## RECORD EXTRACTS
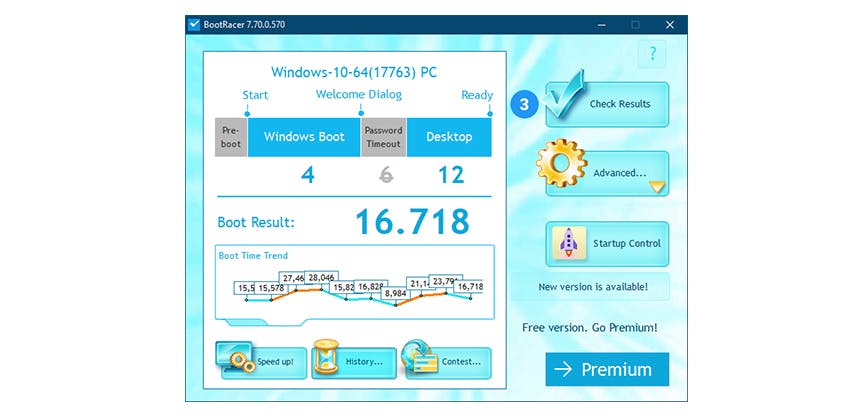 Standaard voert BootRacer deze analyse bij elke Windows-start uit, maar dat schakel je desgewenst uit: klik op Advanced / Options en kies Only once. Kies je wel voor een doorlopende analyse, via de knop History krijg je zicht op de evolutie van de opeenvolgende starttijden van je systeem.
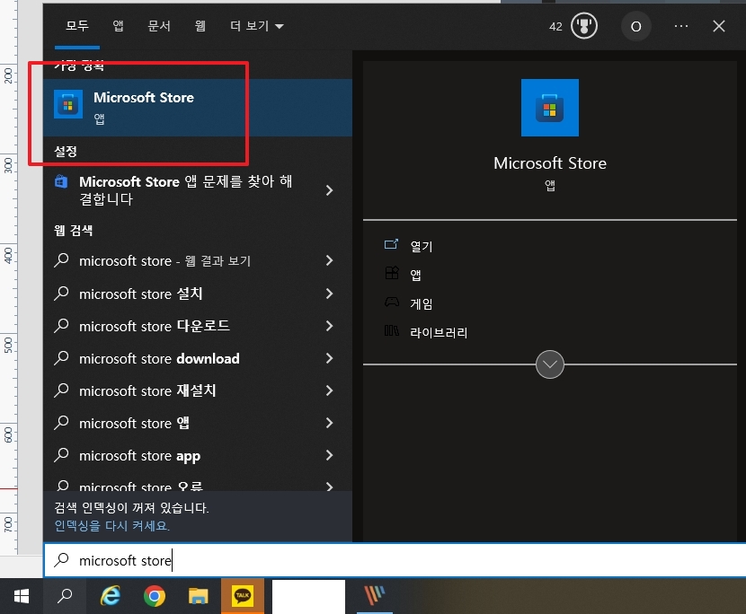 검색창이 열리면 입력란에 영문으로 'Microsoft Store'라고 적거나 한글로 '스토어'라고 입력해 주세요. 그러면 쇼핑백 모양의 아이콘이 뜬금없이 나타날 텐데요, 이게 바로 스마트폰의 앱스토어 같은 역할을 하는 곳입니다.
--
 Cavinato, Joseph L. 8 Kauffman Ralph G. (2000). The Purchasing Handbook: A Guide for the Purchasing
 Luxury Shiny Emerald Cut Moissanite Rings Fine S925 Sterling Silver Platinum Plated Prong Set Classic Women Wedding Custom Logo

## PROBLEM STATEMENT
Retype, exactly and with no pictures, everything above from the line with "Standaard voert BootRacer" down to the line with "검색창이 열리면 입력란에", both included.

## EXERCISE OUTPUT
 Standaard voert BootRacer deze analyse bij elke Windows-start uit, maar dat schakel je desgewenst uit: klik op Advanced / Options en kies Only once. Kies je wel voor een doorlopende analyse, via de knop History krijg je zicht op de evolutie van de opeenvolgende starttijden van je systeem.
 검색창이 열리면 입력란에 영문으로 'Microsoft Store'라고 적거나 한글로 '스토어'라고 입력해 주세요. 그러면 쇼핑백 모양의 아이콘이 뜬금없이 나타날 텐데요, 이게 바로 스마트폰의 앱스토어 같은 역할을 하는 곳입니다.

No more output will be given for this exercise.